| Records provided |

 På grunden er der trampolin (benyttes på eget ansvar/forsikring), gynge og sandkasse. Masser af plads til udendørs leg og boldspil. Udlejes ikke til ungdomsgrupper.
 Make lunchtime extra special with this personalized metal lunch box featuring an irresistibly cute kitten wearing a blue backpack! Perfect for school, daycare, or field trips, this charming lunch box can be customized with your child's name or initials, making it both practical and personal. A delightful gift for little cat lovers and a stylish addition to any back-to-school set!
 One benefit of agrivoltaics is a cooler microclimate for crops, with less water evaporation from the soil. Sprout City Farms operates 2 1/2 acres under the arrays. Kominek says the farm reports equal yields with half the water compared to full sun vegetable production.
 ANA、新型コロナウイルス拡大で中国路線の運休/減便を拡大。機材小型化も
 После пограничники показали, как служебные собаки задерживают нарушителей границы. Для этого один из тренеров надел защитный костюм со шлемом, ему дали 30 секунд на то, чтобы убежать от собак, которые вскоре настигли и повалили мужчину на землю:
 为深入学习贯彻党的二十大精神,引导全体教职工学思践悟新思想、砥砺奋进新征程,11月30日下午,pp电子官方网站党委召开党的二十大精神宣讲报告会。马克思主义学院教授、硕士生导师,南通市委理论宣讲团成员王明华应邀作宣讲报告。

==

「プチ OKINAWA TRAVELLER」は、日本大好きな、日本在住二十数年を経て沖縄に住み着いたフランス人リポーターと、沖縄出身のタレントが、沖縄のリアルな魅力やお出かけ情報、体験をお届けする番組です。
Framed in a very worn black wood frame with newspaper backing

| Your instructions |
When you reach the line in the material above that holds "På grunden er", begin reproducing lines exactly, and stop after the line that holds "为深入学习贯彻党的二十大精神".

| Solution to the problem |
 På grunden er der trampolin (benyttes på eget ansvar/forsikring), gynge og sandkasse. Masser af plads til udendørs leg og boldspil. Udlejes ikke til ungdomsgrupper.
 Make lunchtime extra special with this personalized metal lunch box featuring an irresistibly cute kitten wearing a blue backpack! Perfect for school, daycare, or field trips, this charming lunch box can be customized with your child's name or initials, making it both practical and personal. A delightful gift for little cat lovers and a stylish addition to any back-to-school set!
 One benefit of agrivoltaics is a cooler microclimate for crops, with less water evaporation from the soil. Sprout City Farms operates 2 1/2 acres under the arrays. Kominek says the farm reports equal yields with half the water compared to full sun vegetable production.
 ANA、新型コロナウイルス拡大で中国路線の運休/減便を拡大。機材小型化も
 После пограничники показали, как служебные собаки задерживают нарушителей границы. Для этого один из тренеров надел защитный костюм со шлемом, ему дали 30 секунд на то, чтобы убежать от собак, которые вскоре настигли и повалили мужчину на землю:
 为深入学习贯彻党的二十大精神,引导全体教职工学思践悟新思想、砥砺奋进新征程,11月30日下午,pp电子官方网站党委召开党的二十大精神宣讲报告会。马克思主义学院教授、硕士生导师,南通市委理论宣讲团成员王明华应邀作宣讲报告。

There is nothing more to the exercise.